It’s Not Just The Water

Marcellus gas drilling has created many problems — illegally filled streams, crumbling roads, and more.

Now we find that the development of Marcellus gas fields is polluting the air, as well as the water and land. And like other dimensions of the Marcellus gas rush, the air pollution is going completely unregulated and has the potential to become a major, irreversible hazard to our health.

The problem is that the air pollution is sometimes hard to see, difficult to measure, drifts with the wind and comes in parts — some here, some there — rather than from one easy to target source.
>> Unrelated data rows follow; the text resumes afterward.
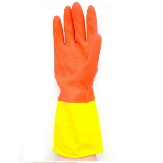 Rękawice gospodarcze, supermocne MASTER. Rozmiar M, czerwono-żółte, długie, kauczykowe. Sprzedawane na sztuki, 144 sztuki w opakowaniu zbiorczym.
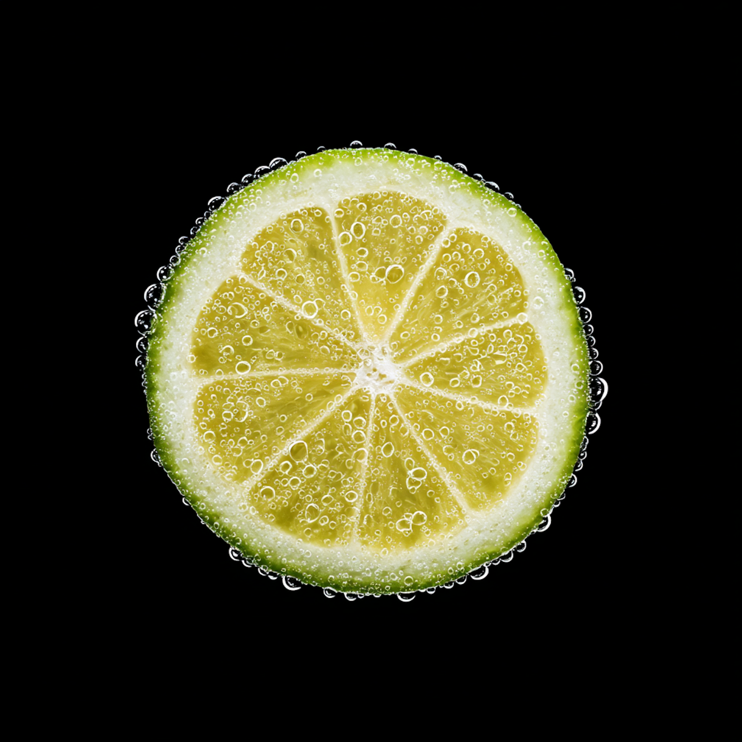 Close-up of a lime slice with bubbles on its surface, set against a black background, highlighting its vibrant colors and texture.
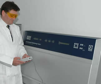 Because the intensity and the output of the bulbs change with time the irradiance needs to be continually monitored or the bulbs cycled and changed at regular intervals. Materials Technology utilises the newest types of machines fitted with continual solar irradiance monitoring and control (solar eye). This provided superior and more reproducible results when compare to the older style machines that rely on bulb cycling.
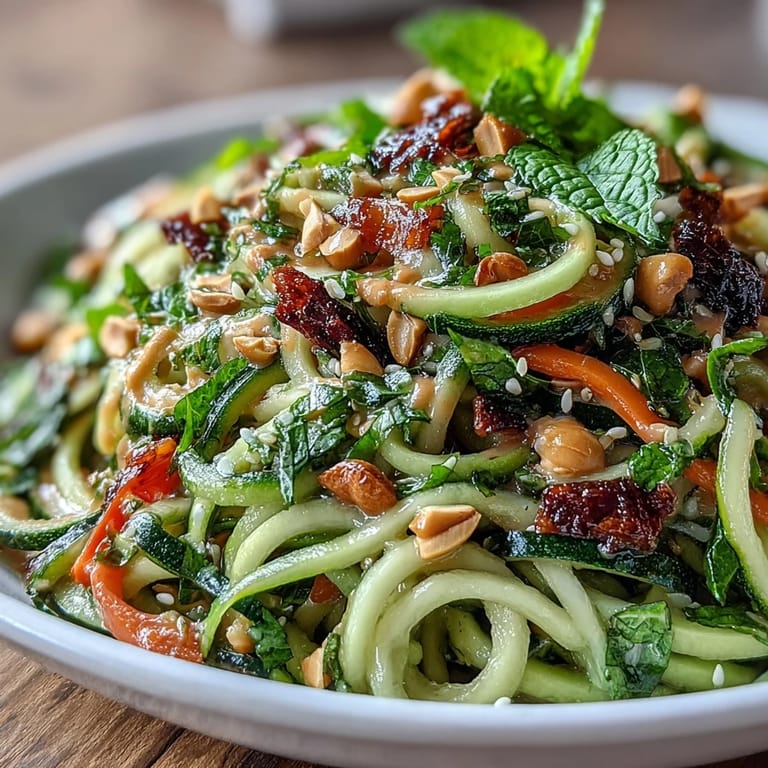 Save On a sweltering afternoon when my kitchen felt too warm for anything hot, I found myself standing at the farmers market staring at a tower of zucchini and a bundle of fresh mint. A vendor suggested spiralizing them into noodles, and something clicked. That simple conversation led me to this salad, which has become my go-to when I need something that tastes indulgent but leaves me feeling light and energized. It's the kind of dish that surprises people because it's vibrant and satisfying without any heaviness.
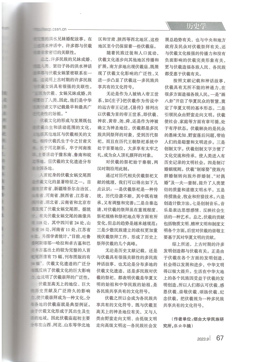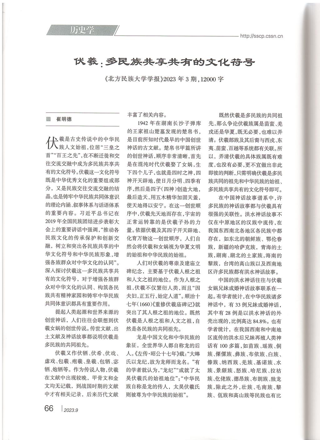 近日,《中国社会科学文摘》2023年第9期主体转载了bob体育在线app崔明德教授发表于《北方民族大学学报》2023年第3期的理论文章《伏羲:多民族共享共有的文化符号》。
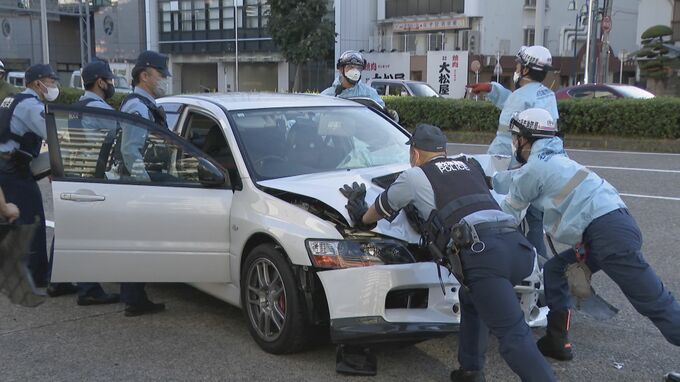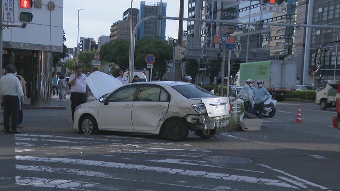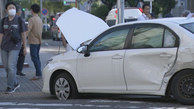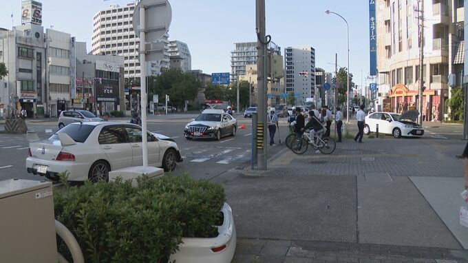 消防などによりますと、2日午後3時50分ごろ、名古屋市中区新栄にある信号交差点で、付近にいた人から事故を知らせる通報が消防にありました。

There are pollutants being emitted from wells, during fracking and during completions when a lot of raw gas is released to the atmosphere before and after flaring. Compressor stations and dehydration units also release harmful emissions.
Rine Pollution 1 Photo by Ed Wade, Jr.
 Rine Pollution 2Photo by Ed Wade, Jr.

Each one by itself is insufficient to trigger enforcement and is usually considered a minor source. However, federal law — the Clean Air Act — requires that interconnected and interdependent sources should be considered together, or aggregated, to determine whether the Act is being violated.

In Wetzel County, concerned citizens are insisting on that aggregation. They want to have the emissions at all gas wells and all compressor stations be combined together as one source. They have challenged recent permits for gas compressor stations. The WV Department of Environmental Protection Division of Air Quality has refused to address the issue, saying they do not ever regulate air pollution from any gas or oil field development. So local citizens have filed an appeal, attempting to force the WVDEP to face up to its responsibility. In the aggregate, the Wetzel air pollution is more than enough to cross the Clean Air Act threshold and require pollution control measures.